Since its inception, hip-hop has spawned many influences on culture outside of its music. In the 1980s, jewelry started to become a huge staple of hip-hop’s image, with artists like Slick Rick, Eric B. & Rakim, and LL Cool J being early advocates of flashy fashion. Ice Cold, released next month by Taschen, explores the storied connection between jewelry and rap. Through an archive of amazing imagery and incredible tales, Ice Cold traces decades of how rappers crafted their personal flair through the art of bling.

“Every culture celebrates its creative contributions in its own ways. Black culture goes above and beyond,” Slick Rick writes in the foreword for the book. “Going big is just how we roll. It’s Black swag, African American to the bone. We learn from each other and incorporate those lessons into our personal style.”

Slick Rick is just one of many artists to take this ethos with them and wear it as a badge of honor.

“It means something, besides the music, the way you look and present yourself to the world is such a form of communication and who you are,” said Vikki Tobak, the book’s author.

Upon putting together her 2018 book Contact High: A Visual History of Hip-Hop, Tobak kept noticing jewelry trends that decorated rappers throughout the years in now-historic photos.

“It’s woven into the fabric of the music from day one, from the rappers really looking to street culture,” Tobak said. “[The jewelry] was lockstep with the history of the music and was really something that needed to be explored deeper.”

Hip-hop has come a long way in the past few decades, and like the music, the jewelry has evolved as well. For example, some trends have dictated bigger and bolder pieces with platinum and diamonds, while other styles have resorted to a minimal approach with gold. Necklaces take on many forms, from Cuban links to Dookie ropes. Rings can be customized in unimaginable ways. Folks like Pharrell love their colorful gemstones. Watches are anyone’s game — earlier this year for Valentine’s Day, Offset gifted Cardi B a $375,000 Audemars Piguet.
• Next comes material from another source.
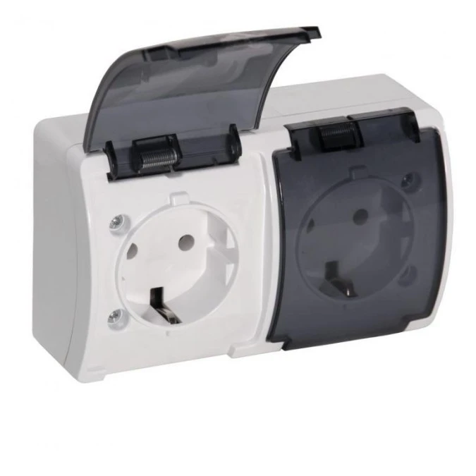 Gniazdo zasilające podwójne natynkowe hermetyczne IP44 białe z klapką dymną 2x 2P+Z Koala SCHUKO ViPlast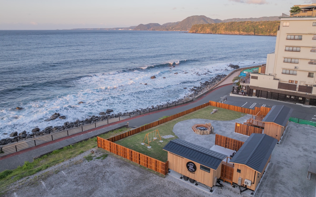 海のすぐそばに佇む、全2棟まるごと貸切のプライベートヴィラ。 大きな窓からは水平線を一望でき、刻々と変わる海と空の表情を独り占めできます。 こちらでは 2棟+芝生の庭をすべて貸切 に。 まわりを気にせず、BBQ・焚き火・外遊び・屋外シアターをのびのびと楽しめます。 ■ 2棟の特徴 【nami棟】 ・ダイニングテーブル ・専用バスルーム&リラックスルーム(別棟) ・マッサージチェア ・洗濯機 ・ミニキッチン “くつろぎ”に特化した、長期滞在にも向いたゆったり空間。 【tsuki棟】 ・ローテーブル&ヨギボー ・ほどよくコンパクトで居心地のよい間取り ・ユニットバス ・ミニキッチン グループやファミリーで使いやすいカジュアルな空間です。 最大 8名まで宿泊可能。 「みんなで集まる時間」と「ほどよいプライベート」 の両立が叶うのが魅力です。 ■ 庭・アウトドア設備(すべて貸切) ・広々とした芝生のプライベートガーデン ・無料で使えるBBQコンロ ・ファイヤーピット お子さまが走り回ったり、焚き火を囲んだりと、 この場所ならではの体験 を気軽に楽しめます。

During a certain time, if you wore a Roc-a-Fella chain, you were considered “hip-hop royalty.”

The relationship between a hip-hop artist and their producer is often discussed, but what about a hip-hop artist and their jeweler?

“Hip-hop has a culture of remixing and customization and that is something that producers are so great at bringing to the table,” Tobak said. “And those two things as well relate to the jewelers.”

Since the classic days of hip-hop, some jewelers understood the message and could relate to that vibe themselves, catering to hip-hop’s rising culture, with two classic examples being Jacob the Jeweler and Tito Caicedo (who crafted Biggie’s famous diamond-studded Jesus piece).

Luxury fashion houses now take influence from hip-hop’s jewelry and want rappers front and center at fashion shows, but that was not always the case. With many of hip-hop’s jewelers being first- or second-generation immigrants, they (like hip-hop artists) understand what struggle and hustle mean, with notions of the American dream ringing in their work ethic.

The style of Martine Ali, a Brooklyn-based jewelry designer who has worked with artists including Kendrick Lamar and A$AP Ferg, touches on aesthetics reminiscent of ’90s-era hip-hop culture and grunge. Growing up in Chicago in the 1990s and 2000s, the self-taught designer first got a sense of what she wanted to do for a career while watching MTV when she was younger.

“As a little kid, it was my goal to be Jacob the Jeweler when I grew up,” Ali said. “For me, it was always wanting to recreate the fashion and designs I saw in music videos.”

Ali creates many pieces that have a back-to-basics approach and touches on what Tobak describes as remixing the principles of the jewelry while adding her own taste.

“Not every artist wants to be wearing diamonds, not every artist wants a mortgage around their neck,” Ali said. “I want to give the artist something that feels a little disassembled, something a little bit more cool, something a little more low-key.”

As for the future of jewelry in hip-hop, the sky is the limit. As technology within the business evolves, almost anything is possible. If you remember in 2021, Lil Uzi Vert even had a $24 million natural pink diamond implanted in his forehead (which was later ripped out by fans at a concert). Brands like Tiffany & Co. are starting to use rappers like Jay-Z and A$AP Ferg in their ads.

“I think the luxury brands are finally starting to understand hip-hop’s power, and I hope that doesn’t take away from the jewelers that have been servicing that community for a long time,” Tobak said. “I think this new era of luxury in hip-hop is really going to unfold in new ways that we have yet to see.”